Он оглядывает паб, словно пытается всё это представить.
— Хорошо. Ладно, я понял.
— Ах, да! — я чуть ли не подпрыгиваю на стуле, когда мне в голову приходит одна идея. — В том помещении с длинными столами можно играть в настольные игры. Я видела бары, где устраивают соревнования по гигантской «Дженге» и всё в таком духе. Это очень забавно.
Я снова осматриваю паб.
— Здесь много потенциала, — говорю я искренне.
Может быть, всё дело в собеседнике и пиве, но у меня хорошее чувство по поводу этого места.
— Сейчас в этом пабе нет жизни, но он может превратиться в отличное место. Сюда только нужно привлечь людей, чтобы они почувствовали себя воодушевленно, но при этом как дома.
— Воодушевленно, но при этом как дома, — повторяет он.
— Этот поганец всё ещё тебя достаёт? — раздаётся чей-то голос.
Я поворачиваюсь и обнаруживаю Олли, который всё ещё сердито смотрит на Джека из-за барной стойки.
— О, да, — говорю я.
— Это правда, — говорит Джек. — Я попросил Рэйн поделиться со мной экспертным мнением о твоём пабе, о том самом пабе, который на протяжении многих поколений принадлежал твоей семье, то есть о наследии Даннов, и я с сожалением сообщаю тебе, что он, по её словам…
— Чудесный! — говорю я, чуть не подавившись своим пивом.
— Ранее ты говорила совсем другое.
Выражение его лица делается серьёзным, но глаза ехидно сверкают.
Я перевожу взгляд с Джека на Олли, но не могу придумать, что сказать. Я делаю очередной глоток пива, но перебарщиваю, и, в итоге, оно начинает течь по моему подбородку.
Олли странно на меня смотрит, и я почти уверена, что сейчас умру от стыда, но прежде чем я успеваю это сделать, Джек поднимается со стула, чем порядком меня пугает, и перекидывает ноги через барную стойку.
— Слезь, на хрен, с барной стойки, Джек! — говорит Олли, но не делает ничего, чтобы помешать ему перепрыгнуть на другую сторону.
Я смотрю на Джека.
— Что ты делаешь?
— Пошёл за твоими трюфельными чипсами, конечно.
Он улыбается и входит на кухню прежде, чем я успеваю понять, что происходит.
Олли вздыхает. Он качает головой и протирает барную стойку в том месте, где сидел Джек.
— Разве ты не должен что-то с этим сделать? — спрашиваю я.
Олли приподнимает бровь.
— С чем?
Я указываю на покачивающиеся двери, за которыми исчез Джек.

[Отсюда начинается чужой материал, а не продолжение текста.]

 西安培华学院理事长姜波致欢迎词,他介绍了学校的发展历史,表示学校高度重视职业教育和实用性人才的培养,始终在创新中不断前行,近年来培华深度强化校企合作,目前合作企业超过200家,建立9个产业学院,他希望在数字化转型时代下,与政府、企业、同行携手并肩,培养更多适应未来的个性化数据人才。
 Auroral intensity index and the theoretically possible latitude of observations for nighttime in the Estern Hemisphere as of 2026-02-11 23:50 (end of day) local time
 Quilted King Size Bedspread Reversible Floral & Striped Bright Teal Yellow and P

— Он только что вошёл в твою кухню так, словно он владелец этого помещения!
Олли пожимает плечами.
— Он владелец.
— Он… что?
— Он владелец этого места.
— Но ты… Джек сказал, что это ты владелец.
— Мы оба. Этот умник мой младший брат.
— О.
Я смотрю на то, как створки кухонной двери перестают покачиваться.
— О! — снова говорю я, вспомнив обо всех тех далёко не приятных вещах об этом пабе, которые я сказала.
А ведь я даже не завсегдатай. И как я не подумала о том, что могла на самом деле консультировать владельца этого бара? Но Джек так молод. На год младше меня. Разве он может отвечать за что-то настолько большое, тогда как я даже не способна вести бизнес, состоящий из одной меня и гитары.
Олли перекидывает полотенце через плечо.
— Ты в порядке?
Я качаю головой.
— Не знаю, Олли Волли.
Он бросает на меня очередной странный взгляд, а я делаю самый большой глоток пива, который только может поместиться у меня во рту, в надежде, что такое со мной больше не повторится.
Глава 3
Джек
— Ты часто бываешь таким говнюком? — спрашивает Рэйн, когда я ставлю перед ней тарелку с трюфельными чипсами.
Она — та самая. Последние пять минут в моей голове крутится лишь одна эта мысль. Она — та самая. Она — та самая. И я точно это знаю, так как потратил почти целый день, выслушивая скучных людей, которые совершенно мне не подходили.
Из неё получится идеальный организатор увеселительных мероприятий.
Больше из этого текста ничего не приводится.